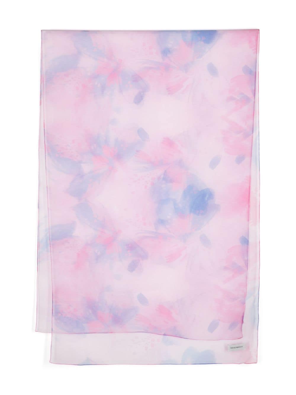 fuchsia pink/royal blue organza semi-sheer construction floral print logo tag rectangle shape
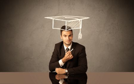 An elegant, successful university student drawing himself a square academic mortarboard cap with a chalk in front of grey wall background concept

_ _ _ _ _

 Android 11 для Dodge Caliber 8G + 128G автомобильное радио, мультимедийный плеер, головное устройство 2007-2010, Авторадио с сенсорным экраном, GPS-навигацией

_ _ _ _ _

# Goal of the exercise
Return exactly the part of the listing above that opens with the line containing "fuchsia pink/royal blue" and closes with the line containing "An elegant, successful". Pictures stay out.

# Exercise answer
 fuchsia pink/royal blue organza semi-sheer construction floral print logo tag rectangle shape
 An elegant, successful university student drawing himself a square academic mortarboard cap with a chalk in front of grey wall background concept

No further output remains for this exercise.